EXERCISE INSTRUCTIONS: A verbatim copy of the listing is what is needed, minus any pictures.

[SOURCE MATERIAL Boundary: Start]

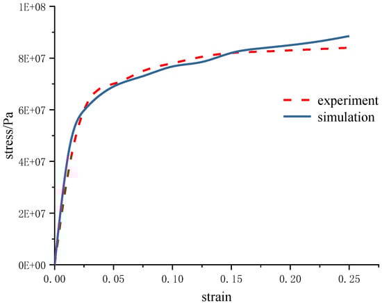 Two methods of software simulation and experimental testing are used to verify the correctness of the theory. The first group of experiments used Q235 ordinary carbon structural steel tensile test, and the mechanical properties of the experimental materials are shown in Table 1. The same parameters were used for the experiment and simulation, that is, the shear rate was constant 5 mm/min with and without ultrasonic energy. The high-energy ultrasonic power is 250 W, and the frequency is 20 KHz. The first set of experimental results, shown in Figure 1, was performed using the uniaxial tensile experimental data of Daud et al. The simulation results are in good agreement with the experimental results.
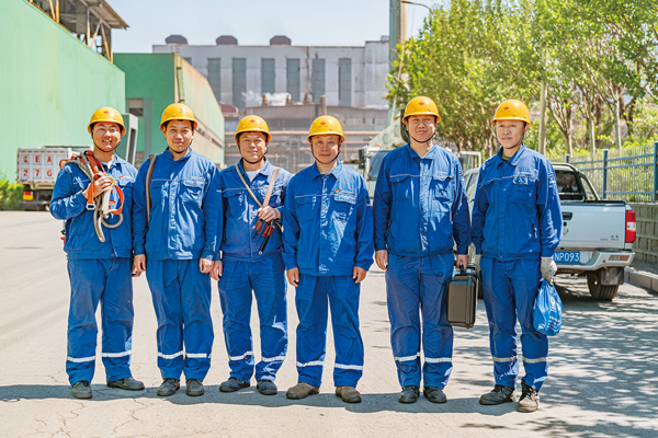 本鋼板材能源管控中心電力外線(xiàn)組既有會(huì)登高攀爬的“蜘蛛俠”,也有能駕馭新型巡檢設(shè)備的無(wú)人機(jī)操作手。圖為部分組員合影。
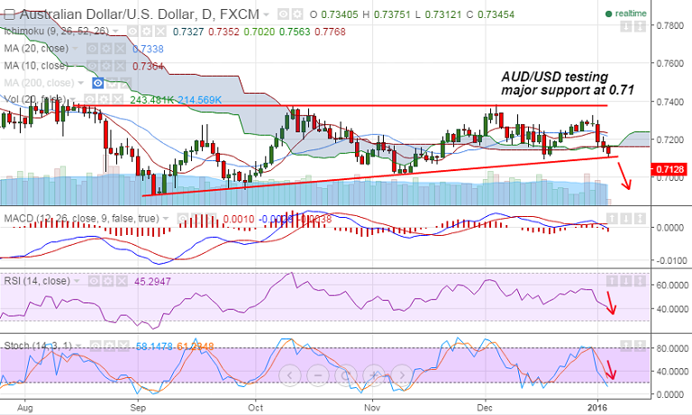 - AUD/USD is testing major support at 0.71 levels, break below could see 0.7068 and then 0.7016 levels.
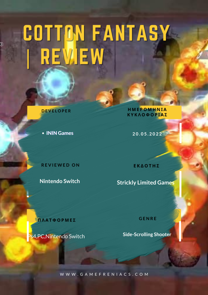Σίγουρα, μερικά από τα κλασικά παιχνίδια ήταν πολύ διασκεδαστικά, αλλά με τόσα shooter εκεί έξω, αφορούσαν περισσότερο τους σκληροπυρηνικούς θαυμαστές του είδους. Έτσι η ININ Games, για να κλείσει τους εορτασμούς 30 χρόνων, κυκλοφορεί τώρα ένα ολοκαίνουργιο σίκουελ, με την ονομασία Cotton Fantasy.

[SOURCE MATERIAL Boundary: End]

EXERCISE SOLUTION:
 Two methods of software simulation and experimental testing are used to verify the correctness of the theory. The first group of experiments used Q235 ordinary carbon structural steel tensile test, and the mechanical properties of the experimental materials are shown in Table 1. The same parameters were used for the experiment and simulation, that is, the shear rate was constant 5 mm/min with and without ultrasonic energy. The high-energy ultrasonic power is 250 W, and the frequency is 20 KHz. The first set of experimental results, shown in Figure 1, was performed using the uniaxial tensile experimental data of Daud et al. The simulation results are in good agreement with the experimental results.
 本鋼板材能源管控中心電力外線(xiàn)組既有會(huì)登高攀爬的“蜘蛛俠”,也有能駕馭新型巡檢設(shè)備的無(wú)人機(jī)操作手。圖為部分組員合影。
 - AUD/USD is testing major support at 0.71 levels, break below could see 0.7068 and then 0.7016 levels.
Σίγουρα, μερικά από τα κλασικά παιχνίδια ήταν πολύ διασκεδαστικά, αλλά με τόσα shooter εκεί έξω, αφορούσαν περισσότερο τους σκληροπυρηνικούς θαυμαστές του είδους. Έτσι η ININ Games, για να κλείσει τους εορτασμούς 30 χρόνων, κυκλοφορεί τώρα ένα ολοκαίνουργιο σίκουελ, με την ονομασία Cotton Fantasy.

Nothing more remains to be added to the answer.